Watch the HCA discussion
This meeting is just under an hour. One learns a lot more about the important issues facing the city by watching the B&F committee meeting than they do by watching the council meeting.
The HCA discussion is the first item on the agenda and all three bills concerning the HCA deal are discussed together. Anyone wanting to know more about this deal should watch this discussion. A presentation is made explaining where the upfront money will come from (a UDAG grant fund) and why we are doing this and how it will benefit the city. This development is subsidized in two ways: property tax abatement and a payment for new employees HCA will have working at this site who do not now work in Davidson County.
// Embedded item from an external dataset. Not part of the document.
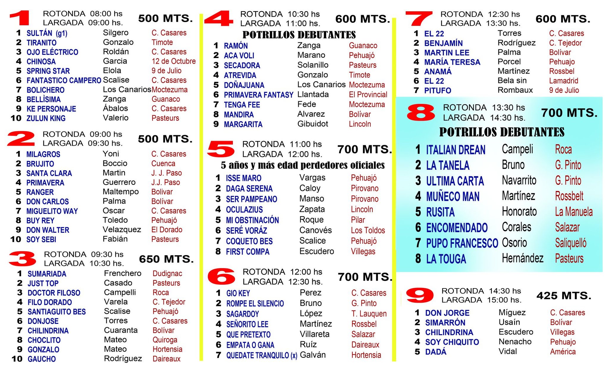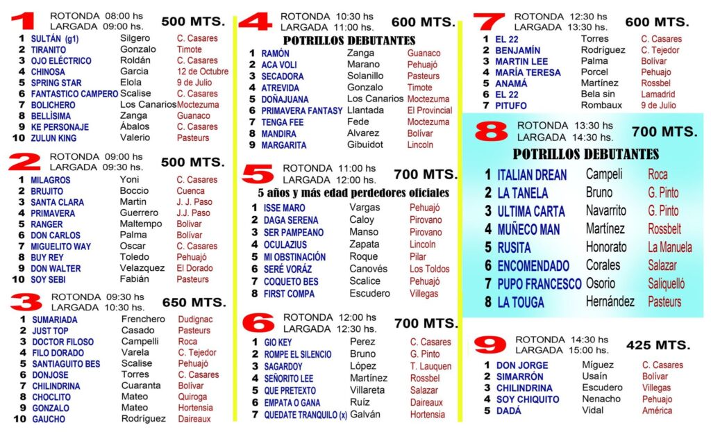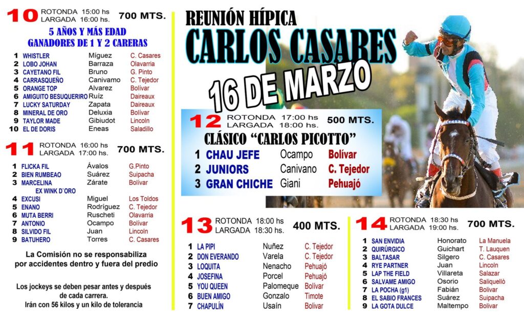 En la carrera 6 estara compitiendo Sagardoy de Lopez, obre 700 metros y en la carrera 14 estara Quirurgico de Guichart, tambien en carrera a 700 mts.

Watch this and learn why the Palmer Lake is in a “pocket of poverty.” Yes, that area close to Vanderbilt University and Music Row and on West End, just down the street from multi-million dollar hotels, just a couple blocks from Union Station is a “pocket of poverty.”
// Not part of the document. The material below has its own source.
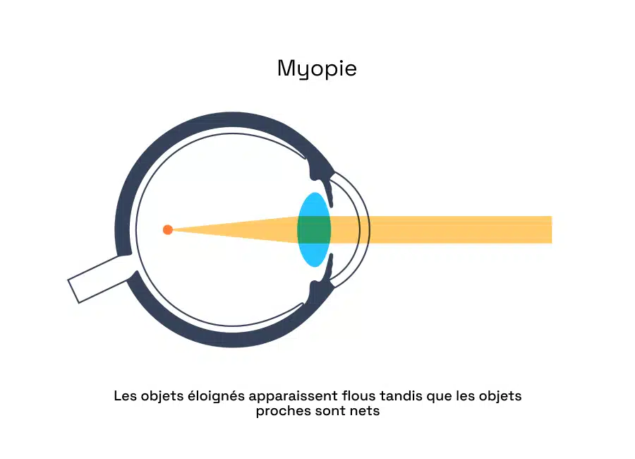 La myopie survient quand la focalisation des rayons lumineux se fait en avant de la rétine, rendant floue la vision de loin. Cette anomalie est souvent causée par une forme allongée de l’œil ou une courbure excessive de la cornée, perturbant ainsi la netteté de l’image.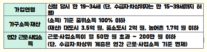 - 신청 후 소득조사 결과 기준 중위소득 50%를 초과했을 때에는 연령기준(만19세~34세)

We will pay the developer $500 per “incremental Davidson County position.” I myself do not see how this benefits the community or the city government. Those jobs are jobs that are now in Williamson County. We do not have a payroll tax so how does having these people work in Davidson County benefit us? I doubt many of them will be moving into the county if they already have homes in Williamson County. They are not moving; their job is moving a few miles away.
If this development occurs, the site will generate considerably more property tax for the city than it does now. However, the pressure on infrastructure and the cost of providing services to new development is not calculated into the equation. There seems to be an assumption that growing the tax base is always a good thing, yet no one stops to consider that bigger cities almost always have higher tax rates than smaller cities. There seems to be almost a fetish for growth that I am not sure is well founded.
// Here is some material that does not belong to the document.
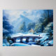 Un paysage de neige avec un vieux pont en pierre au-dessus d'une crique gelée affiche moderne et classique

I am still not sure, how I would vote on this if I had a vote. I abhor this practice of enticing businesses to develop in your area by paying them to do so. Unfortunately, this is the way things are done now. If other communities are paying someone to move to their county, then if we don’t play the game, then we lose. However, I am still not convinced that growth, just for the sake of growth is a good thing. Also, eventually, something would develop to fill that hole in the ground if HCA does not build there. Assuming the economy develops and the convention center is a success, someone else would eventually want that prime piece of property for hotel or office building.
I am glad to see the council deferred these bills. This is one of those things that if I was making a decision on, I would need more time to think about.
In other committee business, Duane Dominy’s bill requiring the Chambers Partnership 2020 contract to be approved by resolution of the Council is deferred indefinitely, due to a technical reason concerning a discrepancy between the caption and the body of the bill. A new bill addressing this topic will be drafted and introduced. Dominy’ similar bill requiring all single-source contracts of over $250,000 be approved by the Council fails by a vote of 3 for, 4 against and 5 abstaining. Council Member Megan Barry and Ronnie Stein present arguments against the bill and Charlie Tygard defends the bill.